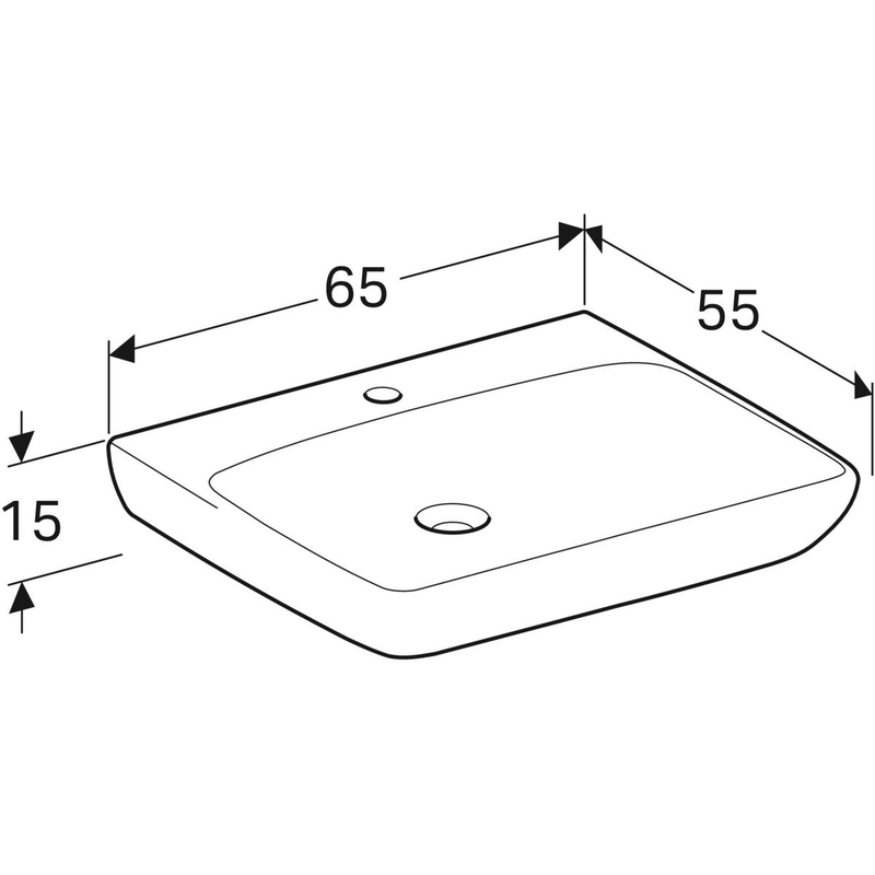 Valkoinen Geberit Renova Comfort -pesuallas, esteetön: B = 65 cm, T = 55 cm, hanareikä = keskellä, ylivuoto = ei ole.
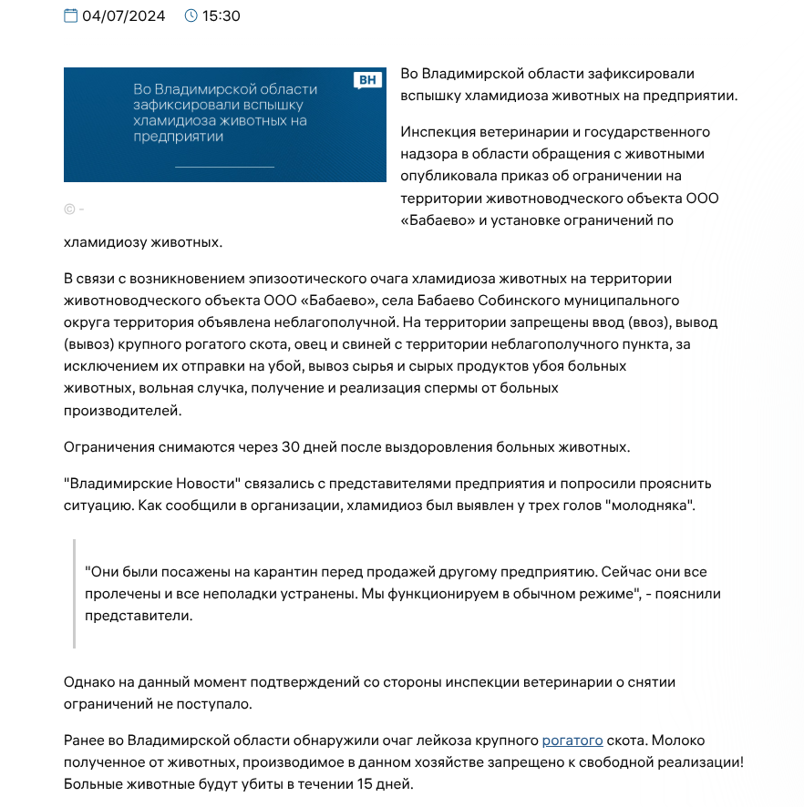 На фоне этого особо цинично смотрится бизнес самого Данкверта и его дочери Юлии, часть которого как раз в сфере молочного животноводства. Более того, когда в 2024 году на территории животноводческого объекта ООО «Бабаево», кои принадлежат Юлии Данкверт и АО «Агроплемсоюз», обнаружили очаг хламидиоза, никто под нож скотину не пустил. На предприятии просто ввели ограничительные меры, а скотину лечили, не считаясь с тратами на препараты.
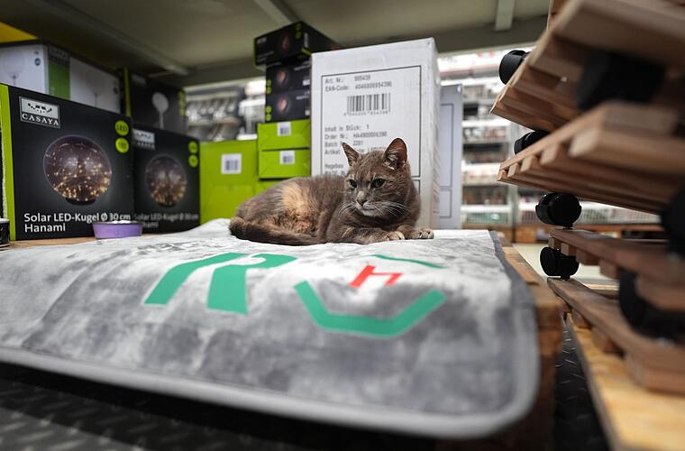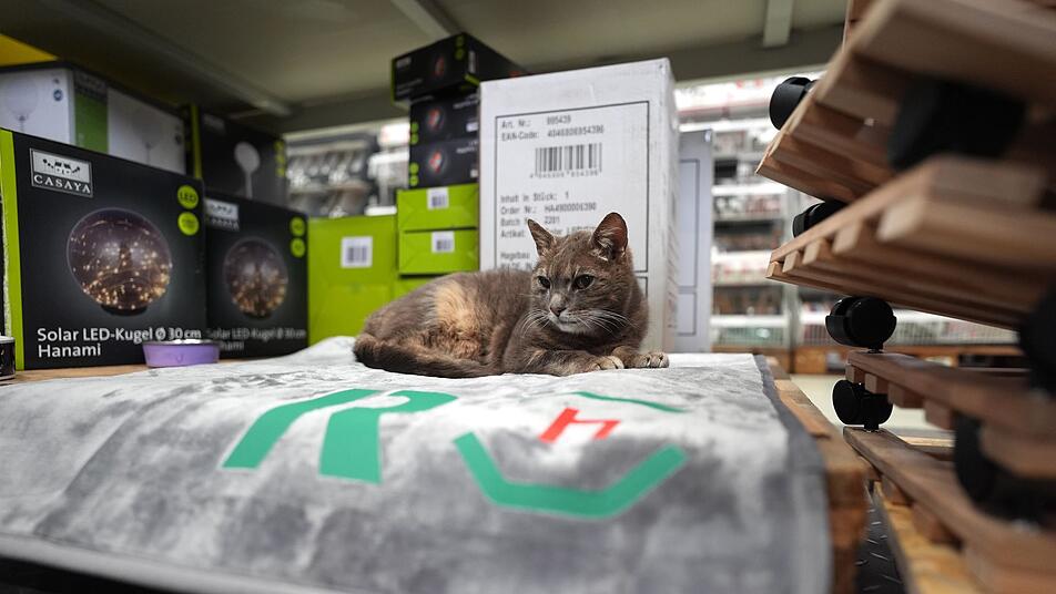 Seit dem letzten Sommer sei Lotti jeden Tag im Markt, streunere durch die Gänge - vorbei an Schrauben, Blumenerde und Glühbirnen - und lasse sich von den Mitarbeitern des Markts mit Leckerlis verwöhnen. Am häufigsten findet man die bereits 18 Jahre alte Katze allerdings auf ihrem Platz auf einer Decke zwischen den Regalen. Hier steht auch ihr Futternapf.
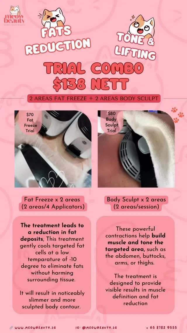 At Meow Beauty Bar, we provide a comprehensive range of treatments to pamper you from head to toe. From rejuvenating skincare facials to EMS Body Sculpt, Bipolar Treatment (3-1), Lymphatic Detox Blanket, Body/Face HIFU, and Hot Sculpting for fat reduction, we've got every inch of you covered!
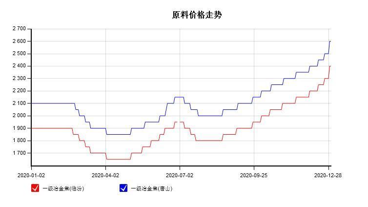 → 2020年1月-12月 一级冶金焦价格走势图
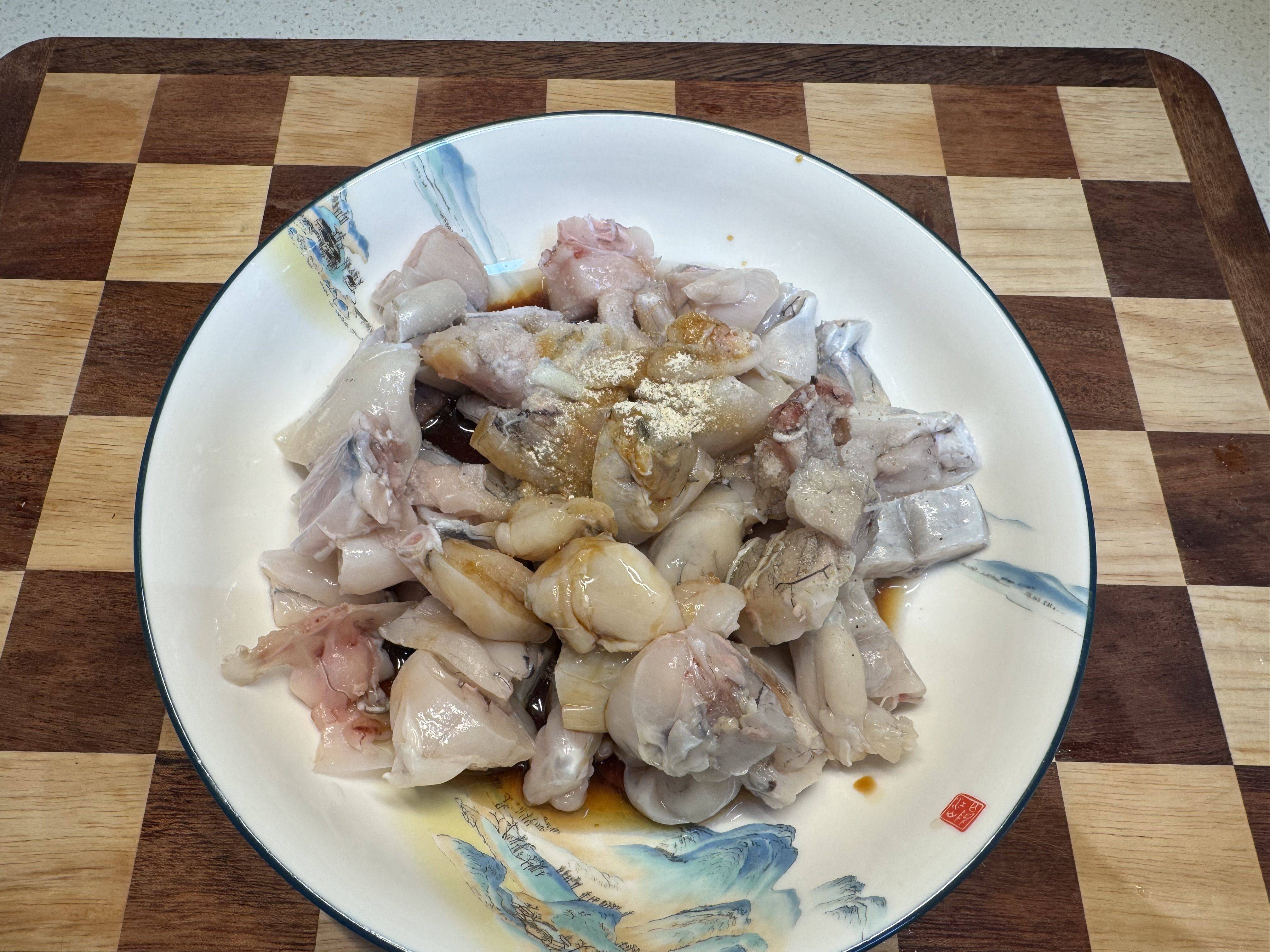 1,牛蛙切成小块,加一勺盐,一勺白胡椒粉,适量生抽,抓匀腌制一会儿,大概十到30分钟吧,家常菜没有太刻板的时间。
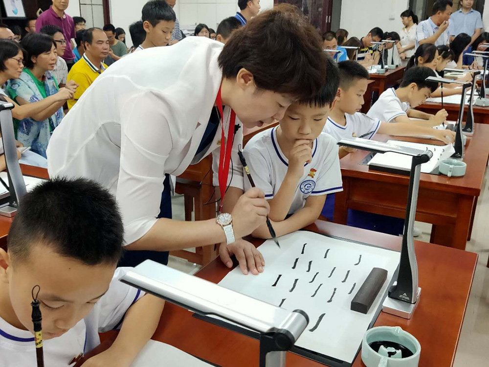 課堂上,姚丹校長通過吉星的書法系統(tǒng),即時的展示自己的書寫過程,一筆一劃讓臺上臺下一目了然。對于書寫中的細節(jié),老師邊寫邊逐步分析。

#### [Exercise prompt]
Could you write out the whole listing exactly, skipping every picture?

#### [Output for this task]
 Valkoinen Geberit Renova Comfort -pesuallas, esteetön: B = 65 cm, T = 55 cm, hanareikä = keskellä, ylivuoto = ei ole.
 На фоне этого особо цинично смотрится бизнес самого Данкверта и его дочери Юлии, часть которого как раз в сфере молочного животноводства. Более того, когда в 2024 году на территории животноводческого объекта ООО «Бабаево», кои принадлежат Юлии Данкверт и АО «Агроплемсоюз», обнаружили очаг хламидиоза, никто под нож скотину не пустил. На предприятии просто ввели ограничительные меры, а скотину лечили, не считаясь с тратами на препараты.
 Seit dem letzten Sommer sei Lotti jeden Tag im Markt, streunere durch die Gänge - vorbei an Schrauben, Blumenerde und Glühbirnen - und lasse sich von den Mitarbeitern des Markts mit Leckerlis verwöhnen. Am häufigsten findet man die bereits 18 Jahre alte Katze allerdings auf ihrem Platz auf einer Decke zwischen den Regalen. Hier steht auch ihr Futternapf.
 At Meow Beauty Bar, we provide a comprehensive range of treatments to pamper you from head to toe. From rejuvenating skincare facials to EMS Body Sculpt, Bipolar Treatment (3-1), Lymphatic Detox Blanket, Body/Face HIFU, and Hot Sculpting for fat reduction, we've got every inch of you covered!
 → 2020年1月-12月 一级冶金焦价格走势图
 1,牛蛙切成小块,加一勺盐,一勺白胡椒粉,适量生抽,抓匀腌制一会儿,大概十到30分钟吧,家常菜没有太刻板的时间。
 課堂上,姚丹校長通過吉星的書法系統(tǒng),即時的展示自己的書寫過程,一筆一劃讓臺上臺下一目了然。對于書寫中的細節(jié),老師邊寫邊逐步分析。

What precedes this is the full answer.